Wang Rongqiang, Yang Liu, Wu Xiangkun, Shang Lilin   

  1. Nanyang Second People’s Hospital, Nanyang 473000, Henan Province, China
  • Received:2024-03-07 Accepted:2024-06-01 Online:2025-11-28 Published:2025-04-12
  • About author:Wang Rongqiang, Associate chief physician, Nanyang Second People’s Hospital, Nanyang 473000, Henan Province, China

Abstract: BACKGROUND: Poor prognosis of hip arthroplasty in patients with osteoporosis seriously affects the patients’ quality of life. Accurately predicting the risk factors for poor prognosis of hip arthroplasty in patients with osteoporosis remains a major challenge for orthopedic surgeons.
OBJECTIVE: To explore risk factors for poor prognosis after hip arthroplasty in patients with osteoporosis and construct a Nomogram prediction model. 
METHODS: A total of 192 patients with osteoporosis who underwent hip arthroplasty in Nanyang Second People’s Hospital from July 2020 to June 2022 were selected as study subjects.

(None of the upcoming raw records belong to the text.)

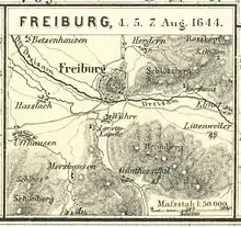 The Battle of Freiburg, also called the Three Day Battle, took place on 3, 5 and 9 August 1644 as part of the Thirty Years' War.[1] It took place between the French, consisting of a 20,000 men army, under the command of Louis II de Bourbon: the Prince of Condé (the Duke of Enghien: Duc d'Enghien) and Henri de La Tour d'Auvergne: Viscount de Turenne, and a Bavarian-Imperial army of 16,000 men under Field Marshal Franz von Mercy.[2] On 3 and 5 August, the French suffered heavy casualties despite having greater numbers.[3] On the 9th, Turenne's army flanked the Bavarians by heading to Glottertal through Betzenhausen and cutting off their supplies, where they faced off against each other, with the latter suffering heavy casualties.[3] The battle resulted in both parties losing approximately 7,500 men, and the outcome was inconclusive, as the Bavarians retreated due to lack of supplies and the sheer greater numbers of the French.[4] Following this battle, the French took advantage of the retreating Bavarians by conquering a large part of the Upper Rhine region.[5] Consequently, in 1645, Battle of Nördlingen was fought between the same parties which resulted in the victory for the French.[5]
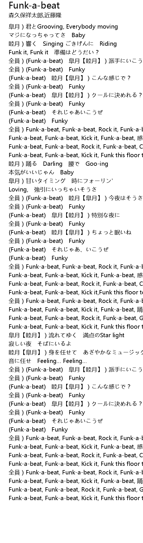 | [01:36] | Funk-a-beat, Funk-a-beat, Kick it, Funk-a-beat, 感じるぜ Mood |
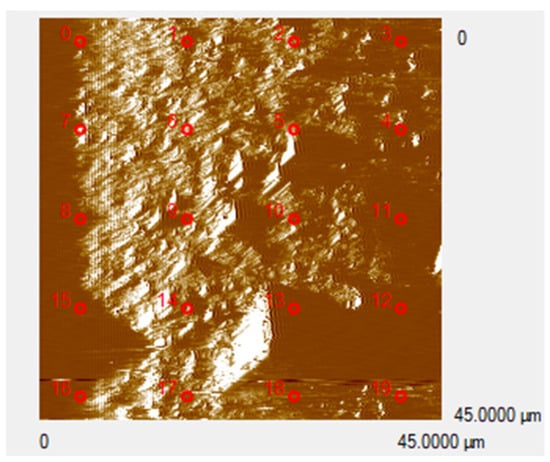 A total of 20 indents were made on each sample within a 45 × 45 µm² area, arranged in a grid pattern consisting of 4 indents in the x-direction, spaced 12 µm apart, and 5 indents in the y-direction, spaced 10 µm apart. This configuration, optically displayed in Figure 3, is standard practice [39] and ensured the uniform distribution of indents, minimizing potential interactions between adjacent indents and reducing the influence of surface defects on the measurements. Additionally, performing 20 indents per sample is consistent with established nanoindentation studies on ceramics and provides sufficient data density for statistical reliability.
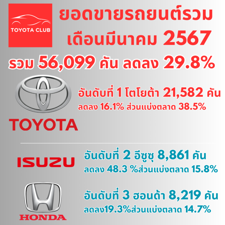 ยอดขายรถยนต์ เดือนมีนาคม ปี 2567 รวม 56,099 คัน ลดลง 29.8%
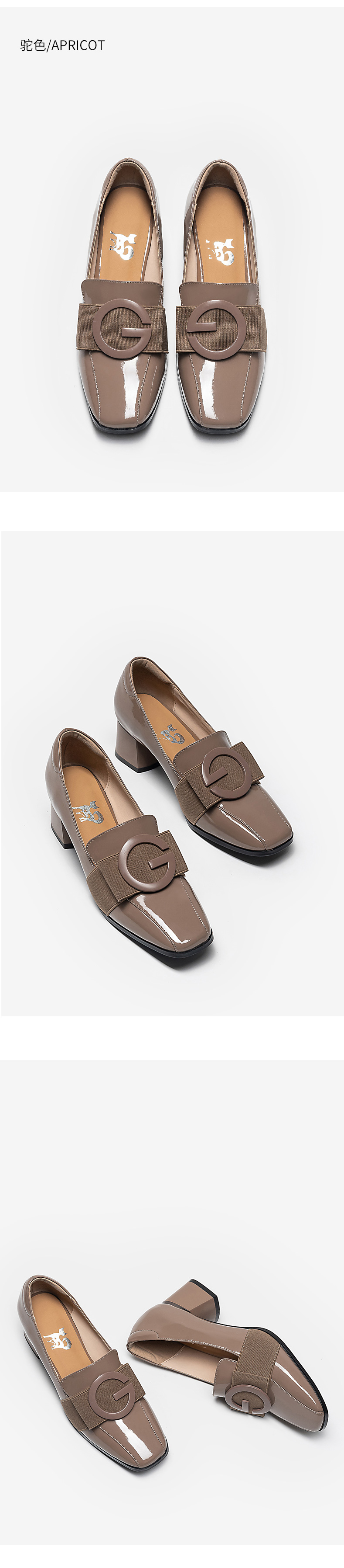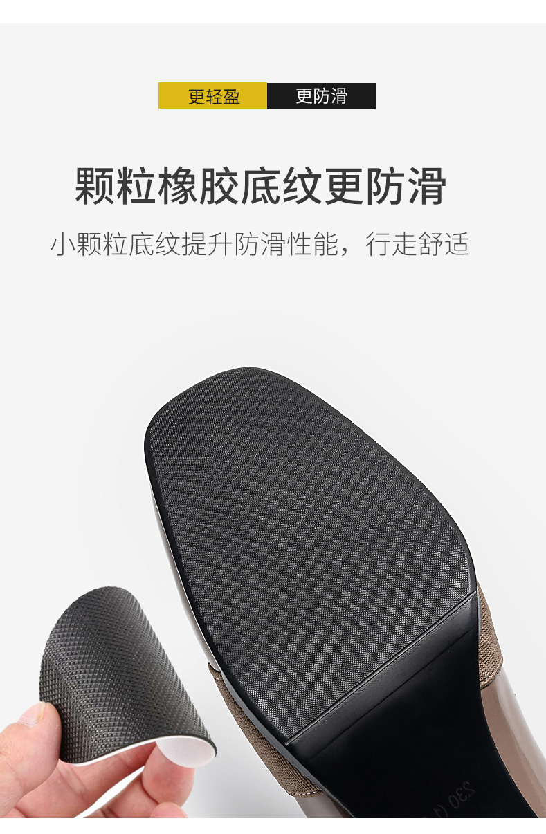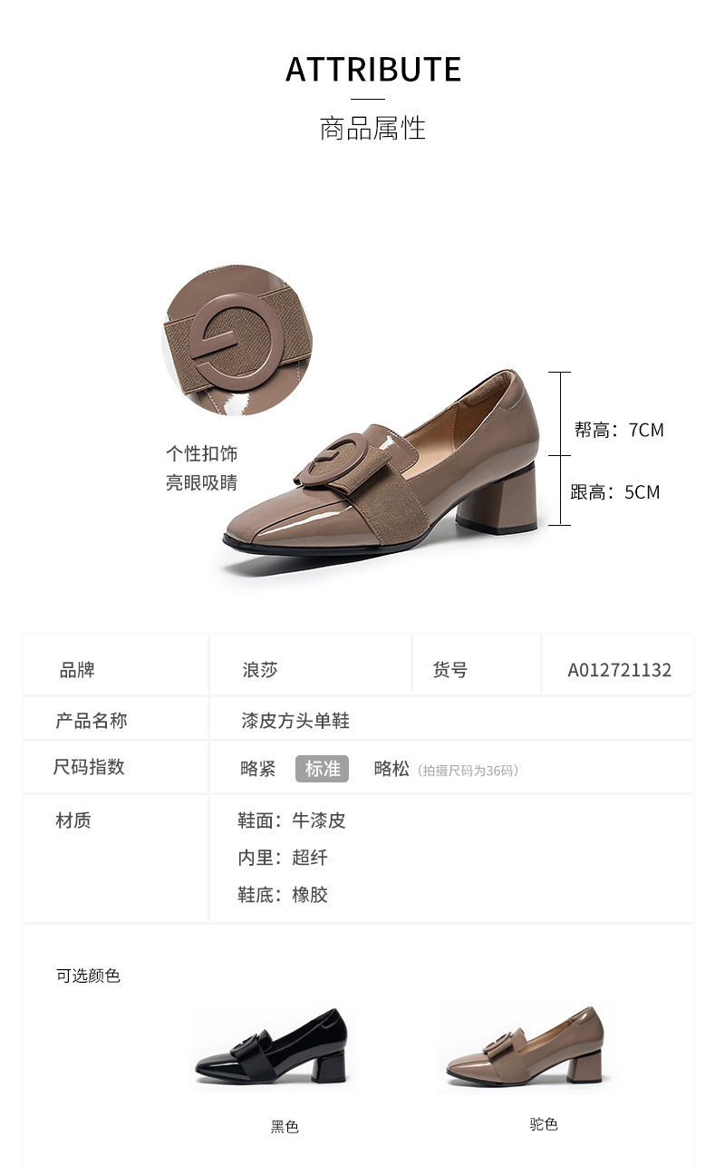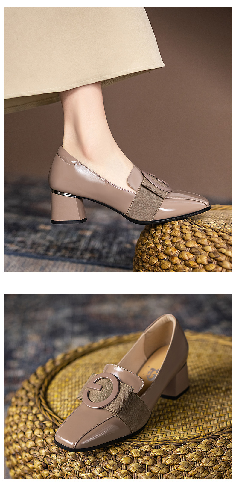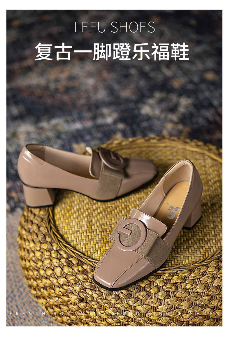浪莎粗跟單鞋女2021早春女鞋一腳蹬小皮鞋中跟方頭深口真皮樂(lè)福鞋
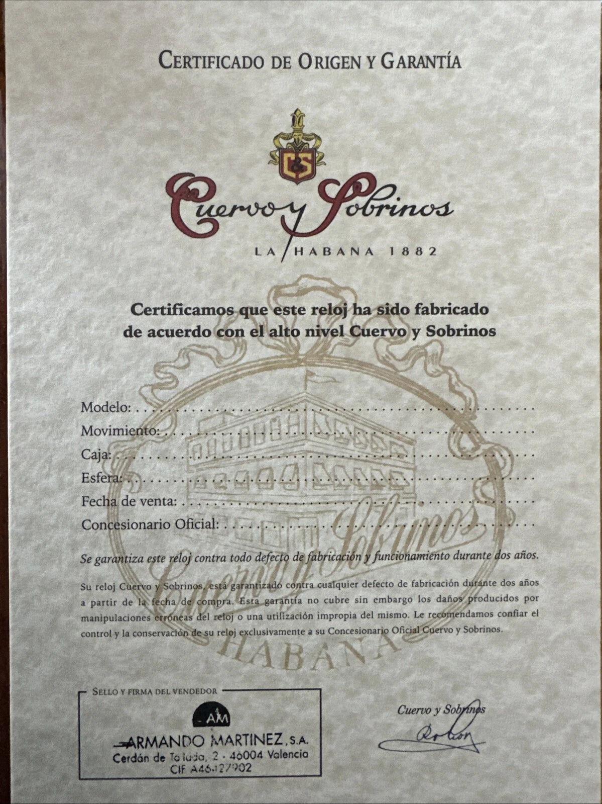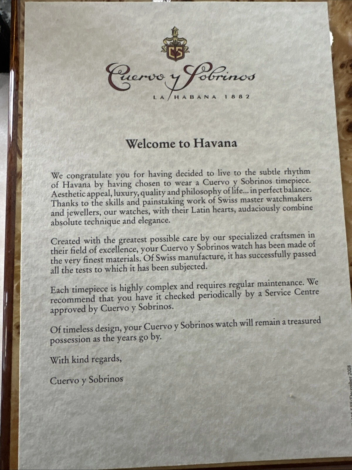 Cuervo y Sobrinos Historiador Flameante 3130.9FG. With Humidor Box .

Harris hip function scale was performed 6 months after operation. Patients with Harris score ≥ 80 were included in the good prognosis group (n=142), while patients with Harris score < 80 were included in the poor prognosis group (n=50). Clinical data of the two groups were collected and subjected to univariate analysis. Receiver operating characteristic curves were used to analyze the predictive value of the measures for poor prognosis after hip arthroplasty in patients with osteoporosis. Binary logistic regression was used to analyze the risk factors affecting poor prognosis after hip arthroplasty in patients with osteoporosis. The Nomogram prediction model for poor prognosis after hip arthroplasty in patients with osteoporosis was constructed. The calibration curve was internally validated and the concordance index was calculated, and the decision curve was evaluated for clinical predictive efficacy. 

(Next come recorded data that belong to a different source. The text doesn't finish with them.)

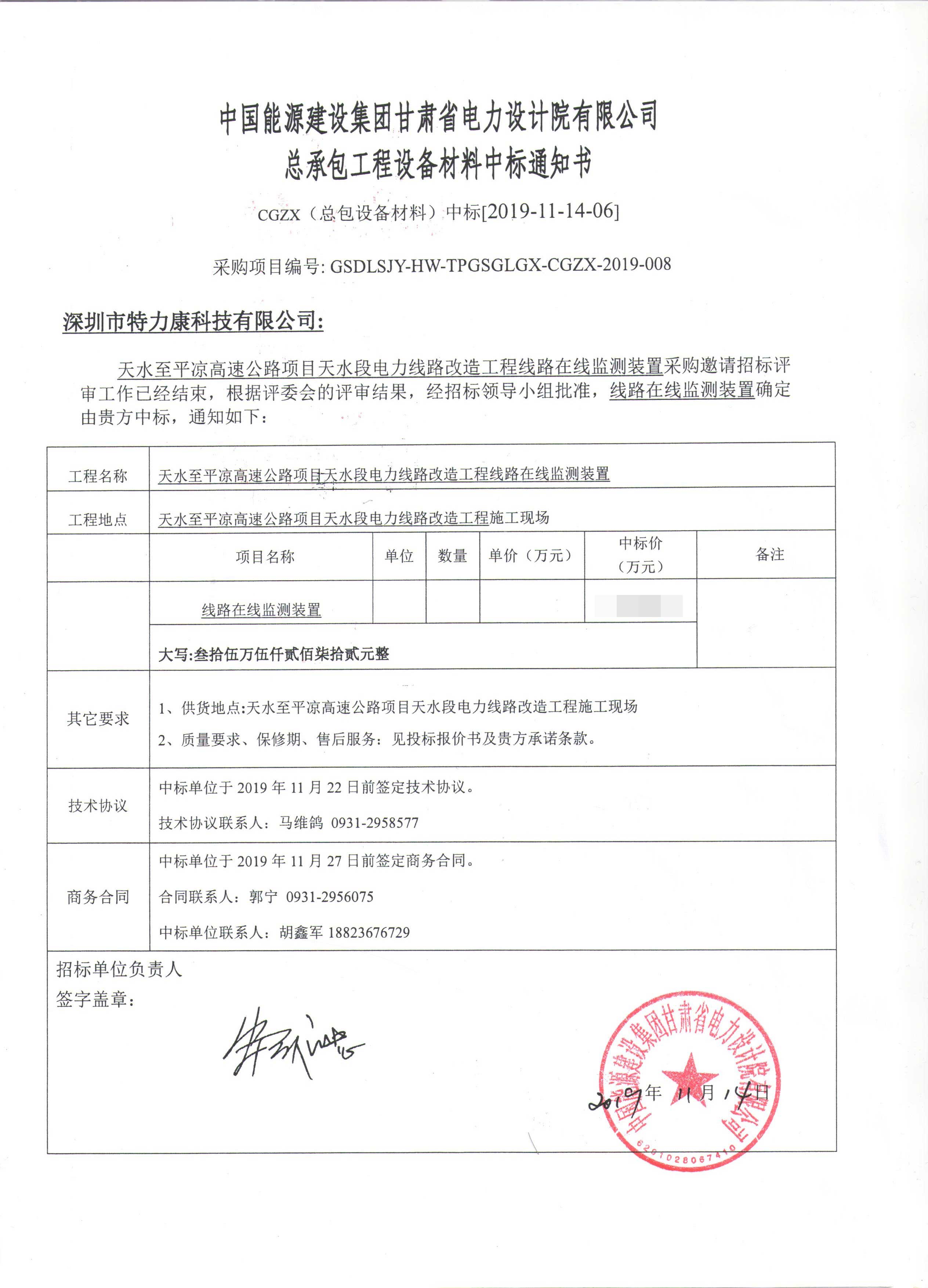 我司中標國網甘肅天水段電力線路改造工程線路在線監測采購項目
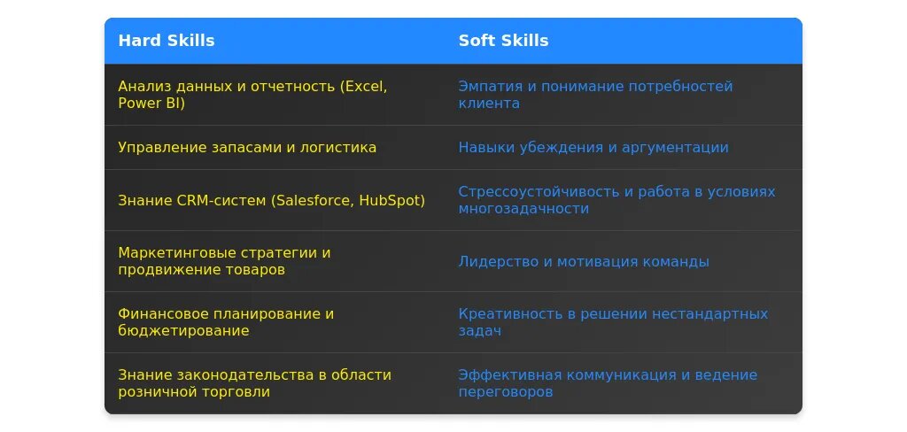 Анализ требований вакансии для профессии "менеджер отдела розничных продаж"
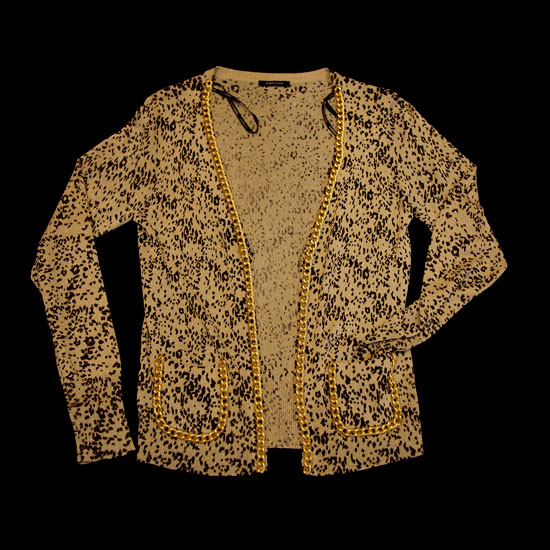 This ladies’ cardigan flaunts allover animal patterns for a captivating look. The golden hued chain decoration along the plackets and the pockets add spice to the design facilely. This fabulous cardigan is sure to make you outstanding from the crowds.
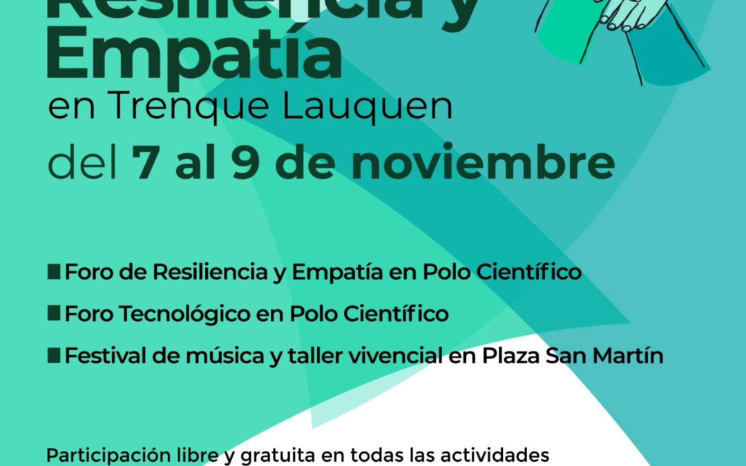 Desde el próximo jueves (7) y hasta el sábado (9) de noviembre se realizará en Trenque Lauquen el 3º Festival de la Resiliencia y Empatía que contará con múltiples actividades que se desarrollarán en instalaciones del Polo Científico Tecnológico Municipal (Hernández nº 816) y en la Plaza San Martín, con entrada libre y gratuita para toda la comunidad.

RESULTS AND CONCLUSION: (1) The differences between the two groups were statistically significant in terms of age, body mass index, operative time, intraoperative bleeding, serum albumin, peripheral blood lymphocyte count, prognostic nutritional index, and complications (P < 0.05). (2) Area under the curve for age, body mass index, operative time, intraoperative bleeding, serum albumin, peripheral blood lymphocyte count, and prognostic nutritional index were 0.813, 0.780, 0.787, 0.764, 0.777, 0.785, and 0.818. (3) Age, body mass index, intraoperative bleeding, and complications were risk factors for poor prognosis after hip arthroplasty in patients with osteoporosis. (4) The corrected, raw curve of the nomogram prediction model was close to the ideal curve with a concordance index of 0.851 (0.815-0.886) and a good model fit, with a threshold of > 0.12 for the Nomogram prediction model to provide a net clinical benefit, and all net clinical benefits were higher than the independent predictors. (5) It is concluded that age, body mass index, intraoperative bleeding, and complications are risk factors affecting the poor prognosis of osteoporotic patients after hip arthroplasty. The Nomogram prediction model constructed based on this can help clinicians assess the prognosis of osteoporotic patients after hip arthroplasty, develop personalized interventions, improve prognosis, and enhance the quality of life.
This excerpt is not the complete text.